Google DeepMind’s latest release, WeatherNext 2, has elevated the task of checking the weather to an hourly and real-time level.

It operates eight times faster than its predecessor and has improved its resolution to an hourly basis. This means that instead of traditional forecasts like “It will rain tomorrow afternoon,” it can provide details such as “There will be light rain from 2 to 3 PM tomorrow, with the rain intensifying from 3 to 4 PM and gradually stopping from 5 to 6 PM.”

Interestingly, it doesn’t just offer a single version of the forecast but can generate dozens or even hundreds of possible weather evolution scenarios from the same input.
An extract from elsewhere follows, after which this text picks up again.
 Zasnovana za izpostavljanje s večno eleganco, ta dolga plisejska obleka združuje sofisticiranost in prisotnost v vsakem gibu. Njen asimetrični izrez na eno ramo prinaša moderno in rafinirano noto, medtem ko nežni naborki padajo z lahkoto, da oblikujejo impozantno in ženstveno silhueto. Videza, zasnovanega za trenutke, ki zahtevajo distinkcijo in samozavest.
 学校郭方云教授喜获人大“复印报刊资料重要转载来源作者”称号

Tasks that would take traditional supercomputers several hours to complete can be finished by WeatherNext 2 in just one minute using a single TPU.

As a result, 99.9% of its forecast variables and timeframes surpass those of the previous generation WeatherNext. It can also detect the potential impact range of extreme weather events like high temperatures and heavy rainfall much earlier.
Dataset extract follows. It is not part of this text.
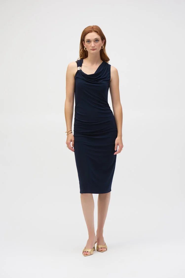 Joseph Ribkoff Silky Knit Sheath Dress With Draped Neckline Style # 252188

So why does weather forecasting need to be so detailed?

Let the Model Transform into a Miniature Earth
Firstly, in reality, many industries are closely tied to the weather.

Energy systems rely on it to coordinate loads; urban management uses it to arrange manpower; agriculture depends on it to set the pace; and logistics and flights constantly monitor it to make decisions.

Moreover, the atmospheric system can be viewed as a vast chaotic machine where any minor disturbance may influence cloud movements or rainfall ranges days later.

The traditional approach involves running numerous predictions with different initial conditions and then identifying the most probable trends from thousands of results. However, this method is extremely computationally intensive.

The key to making WeatherNext 2 both fast and accurate lies in Google DeepMind’s newly proposed Functional Generative Networks (FGN).

The FGN approach is quite different. Instead of stacking more physical equations or simulating the weather itself, it transforms the model into a changing miniature Earth by adding slight but globally consistent random perturbations to the model’s core.

More specifically, FGN inputs a 32-dimensional small random vector, or 32 random numbers, during each prediction. This random vector passes through all layers of the model, controlling its internal states and allowing the model to naturally generate a complete set of future weather fields.

Each set of random numbers represents one possible future, and changing to another set of random numbers yields a different future.